Dzieje się! W Poznaniu goście z Belgii gwałcą pozostałe na chodzie resztki Lecha, a zgromadzona na trybunach wiara deklaruje zgwałconym miłość i przywiązanie, miast "mamy k..wa dosyć" podczas palenia trybun wołać. Ślepa miłość - jedynie to ratuje polski futbol, bo jakakolwiek logika nakazuje nań splunąć, odwrócić się na pięcie i zapomnieć. Lech w zderzeniu z niezłym średniakiem Jupiler Pro League przypieczętował pewność, że porażki z Legią w Superpucharze i przede wszystkim z Cracovią w E-klapie nie były kwestią przypadku, lecz najprawdopodobniej niewłaściwego przygotowania zespołu do sezonu. Plaga kontuzji, nie do końca trafione transfery, złe ustawienie wyjściowej jedenastki, faworyzowanie czy negowanie poszczególnych piłkarzy - wszystko bardzo źle świadczy o kondycji Kolejorza w sezonie po zdobyciu "majstra". Ale taka Legia po pierwszych dwóch minutach na Easter Road Stadium w Edynburgu mogła (i powinna) przegrywać trzema, czterema golami. To delikatna przesada, niemniej notoryczne "spóźnianie się" Legii na mecz doprowadza do szewskiej pasji, tym bardziej, że urozmaicane jest festiwalem nieudolnych zagrań niemal wszystkich jej piłkarzy. Kapuadi i (nadzieja polskiej defensywy) Ziółkowski usiłowali udowodnić, że nie ma na murawie takiego miejsca i takiej sytuacji, by nie można było czegoś spieprzyć. Chwalić Pana Boga, poza "kick & rush" w Szkocji nic innego nie grają i Legia ma te 3 punkty, a mogła mieć więcej gdyby nie notoryczna nonszal...tfu! - niechlujstwo i chaos. Jaga nie trafiła na młodych Shaqirich, Xhakich czy Mucich i gładko wygrała, natomiast Raków ponoć kopał się po czole i mimo obecności na murawie kuzynka Erlinga Haalanda i wracającego po kolejnej przerwie Iviego wsadził nołnejmom z Bułgarii tylko jedna bramkę, a powinien ze trzy, cztery razy więcej.

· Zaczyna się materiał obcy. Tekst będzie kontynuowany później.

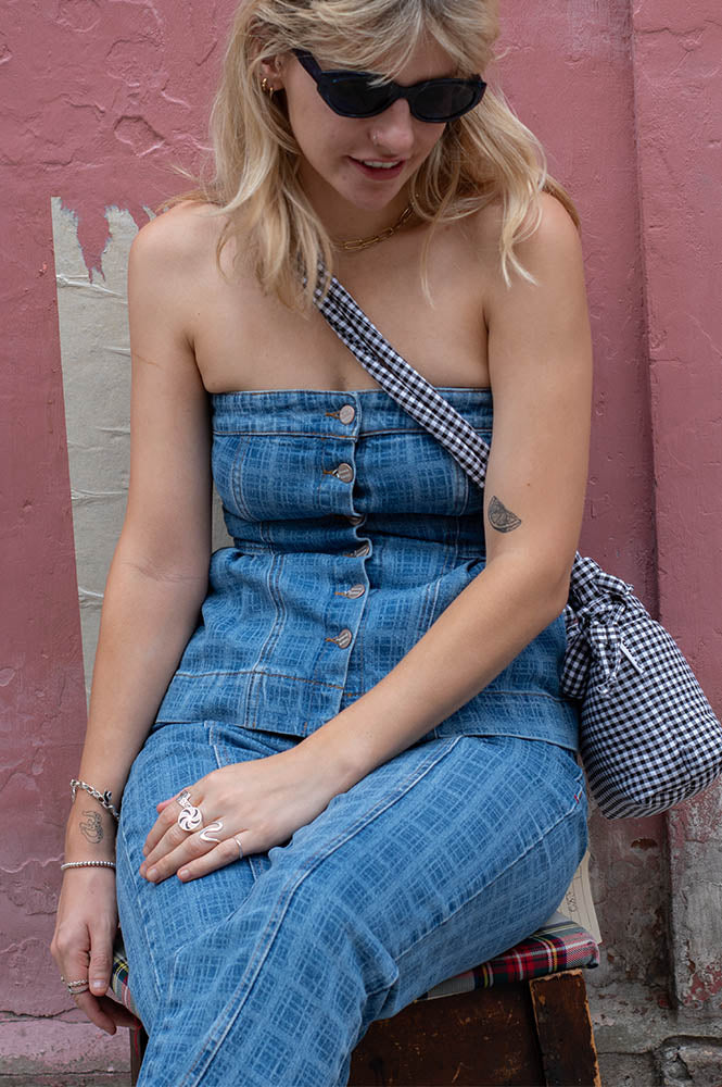 The Eloise Denim Top makes a statement in Damson's laser check print. Featuring a peplum hem, strapless neckline and front shank opening, it's the perfect top to elevate any look. Pair with the matching Tovie Jeans for a head to toe look.
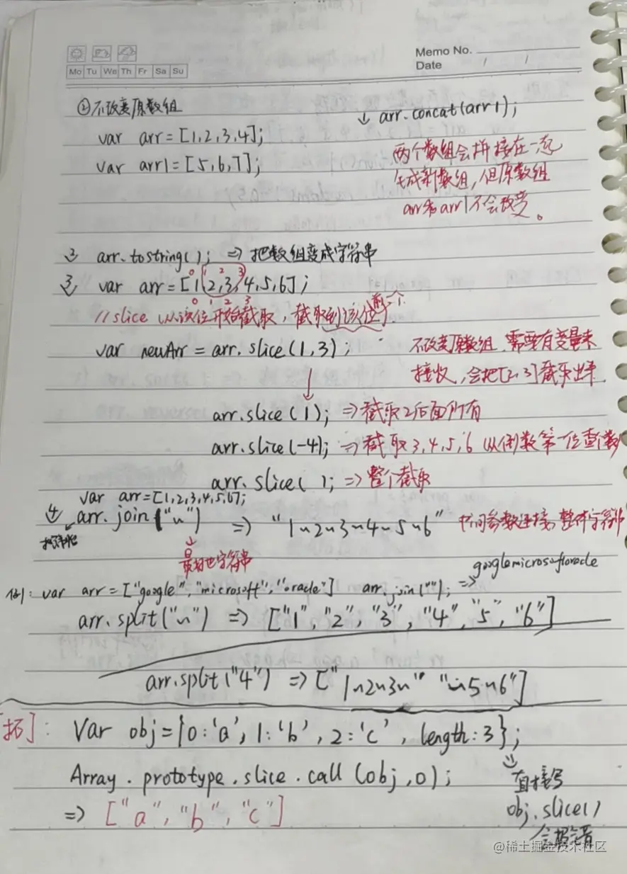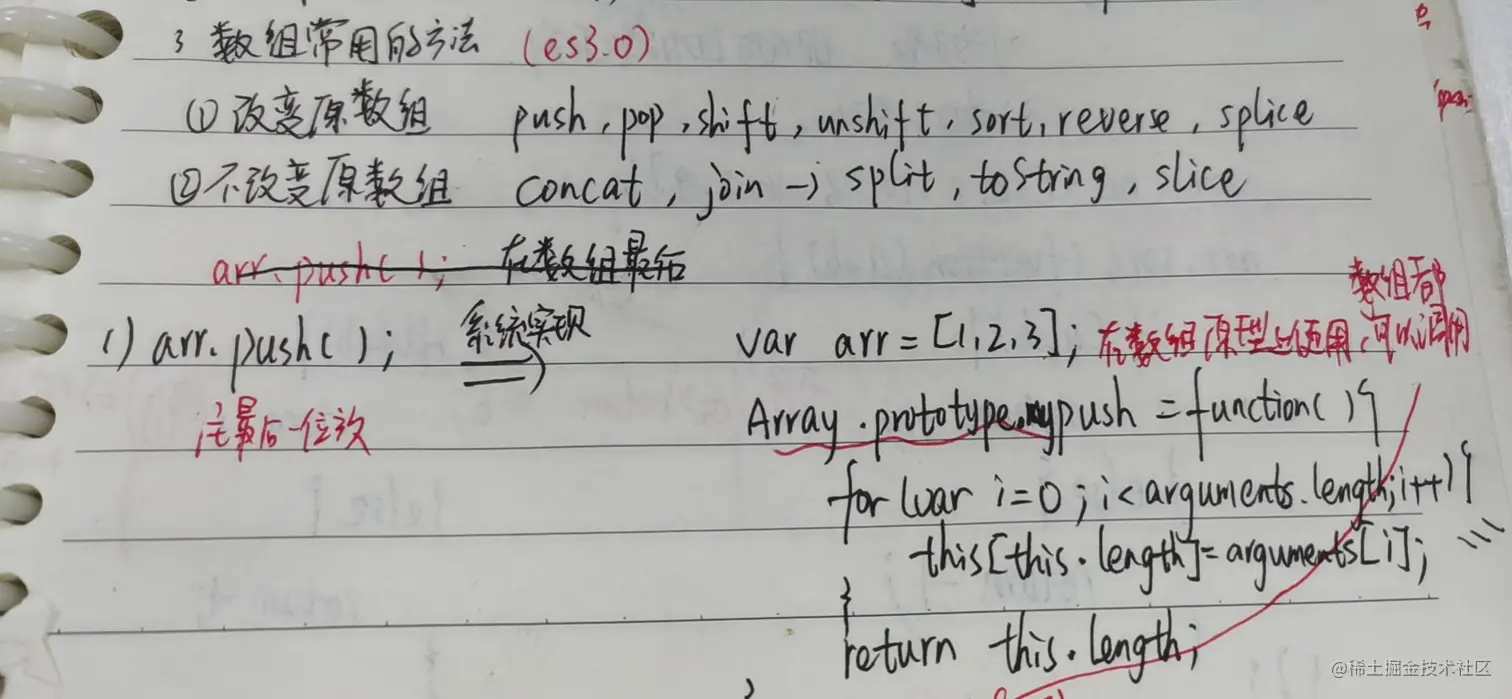 第一部分的数组基础知识是我早期以笔记的形式进行书写,字迹可能会比较潦草,大家看不懂的话请见谅,哈哈。第二部分是从es6到es10的近期数组的相关扩展,后期如果还有什么关于数组的新知识,我会在这里及时更新的。拓展的第三部分和第四部分则分别是对数组的遍历方式和拷贝方式进行的一个总结,方便大家对整体有一个清晰的认识。第五部分则是我自己又重新读了一遍阮一峰的es6的一些心得体会,大家不敢兴趣的可以忽略不计,只是自己的一个平时的记录。

Twarzą poprzedniej Kolejki zostaje Jesus Imaz, zdobywca bramki nr 100 w meczach Ekstraklasy. Kolejny "stary, ale jary".
Co my tu mamy w tej Kolejce poza kastracją meczy pucharowiczów? Nasza reprezentacyjna czwórka sposobi się do grupowego uczestnictwa w LK i dlatego z terminarza wyskakują dwa mecze - hity (kity?) z udziałem tych drużyn. Poza tym - w piątek Radomiak gości Niecieczę, w następnym meczu Widzew sprawdzi jak głęboko zatonęła Pogoń, którą na domiar złego opuszcza snajper Koulouris. Sobota to mecz Korony z Motorem i (pseudo) derby Górnika z GKS Katowice. W niedzielę Piast podejmuje Cracovie, a w Gdańsku (nadbałtycka "święta wojna") Lechia spróbuje zdobyć komplet punktów w meczu z rywalem z Gdyni. W poniedziałek Wisła po meczu z Zagłębiem może umocnić się na pozycji lidera Ekstraklasy.

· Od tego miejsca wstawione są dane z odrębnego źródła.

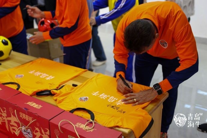 初春的青島充滿暖意,海牛俱樂部球員們的到來更是給孩子們帶來了歡聲笑語。俱樂部為兒童福利院捐贈了牛奶、堅果、足球及其他生活用品,并為兒童福利院送上簽名足球、球衣、專屬球衣等紀念禮品。
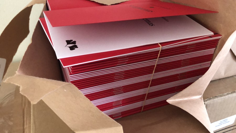 Esta plaquette, llamada 3, 4 poemas, es la primera de la serie Biloba de Cataria Ediciones. Como en el caso de los dos libros del catálogo de la joven editorial (Oriundos y Las hojas), el diseño es de Lola García Zapico. El logotipo de la serie está inspirado en el par de hojas de Ginkgo…
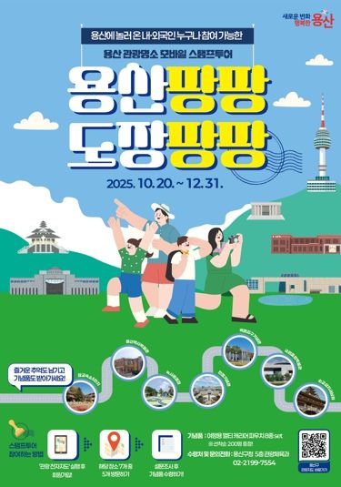 (포탈뉴스통신) 서울 용산구가 오는 20일부터 12월 31일까지 용산의 주요 관광명소를 모바일로 즐길 수 있는 ‘용산 팡팡! 도장 팡팡! 2025 용산구 관광명소 모바일 스탬프투어’를 운영한다.
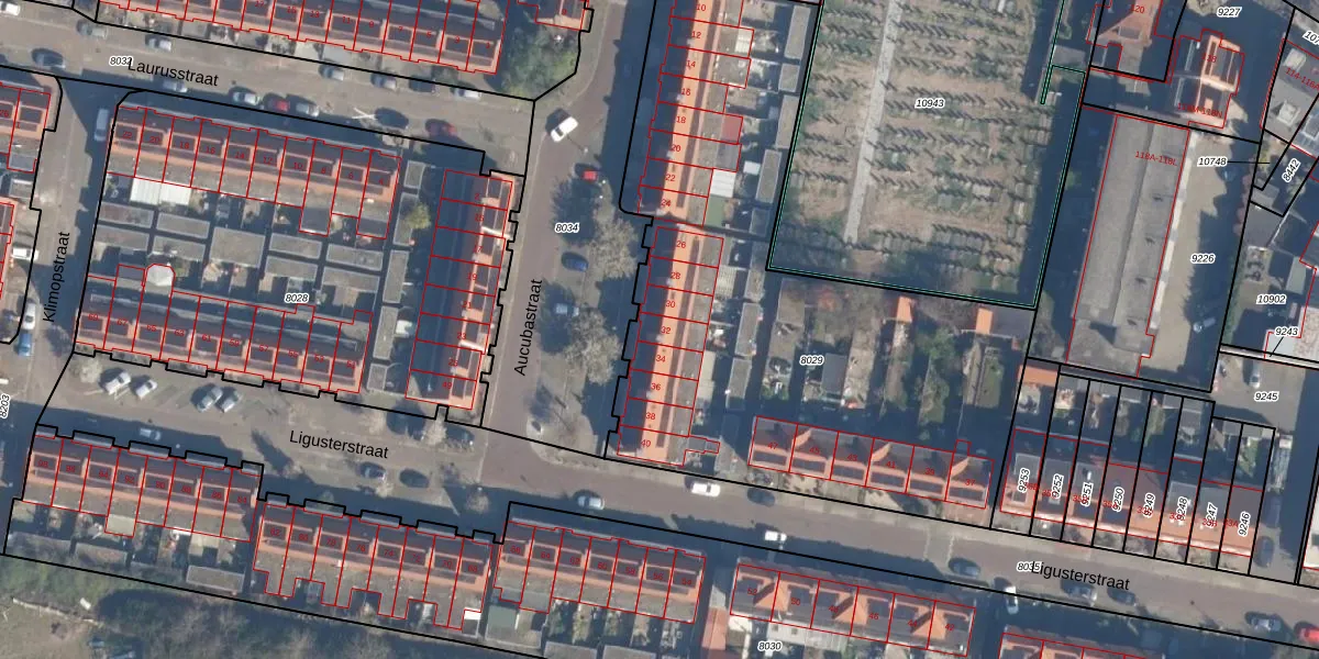 Het perceel waarop Aucubastraat 32 staat heeft een oppervlakte van 2975 m². Dit is een zeer groot perceel. De perceeloppervlakte wordt geregistreerd door het Kadaster. Gedetailleerde informatie over de maten van dit perceel kunt u vinden in het rapport Kadastrale kaart met maatvoering van Aucubastraat 32.

Zestaw Par VI Kolejki Ekstraklasy
Radomiak - Bruk-Bet Nieciecza
Widzew - Pogoń
Raków - Lech przełożony
Korona - Motor
Górnik - GKS
Piast - Cracovia
Lechia - Arka
Legia - Jagiellonia przełożony
Wisła - Zagłębie
SZANOWNA MODERACJĘ jak zwykle pozdrawiam niezwykle serdecznie i uprzejmie proszę o Ekstraklasę i SG.
Wszystkich Tutejszych fanatyków gonitw za świńskim pęcherzem wzajemnie kopiących się debili pozdrawiam równie serdecznie i życzę kilku ładnych bramek, bo ładnej gry to u nas nijak nie widać.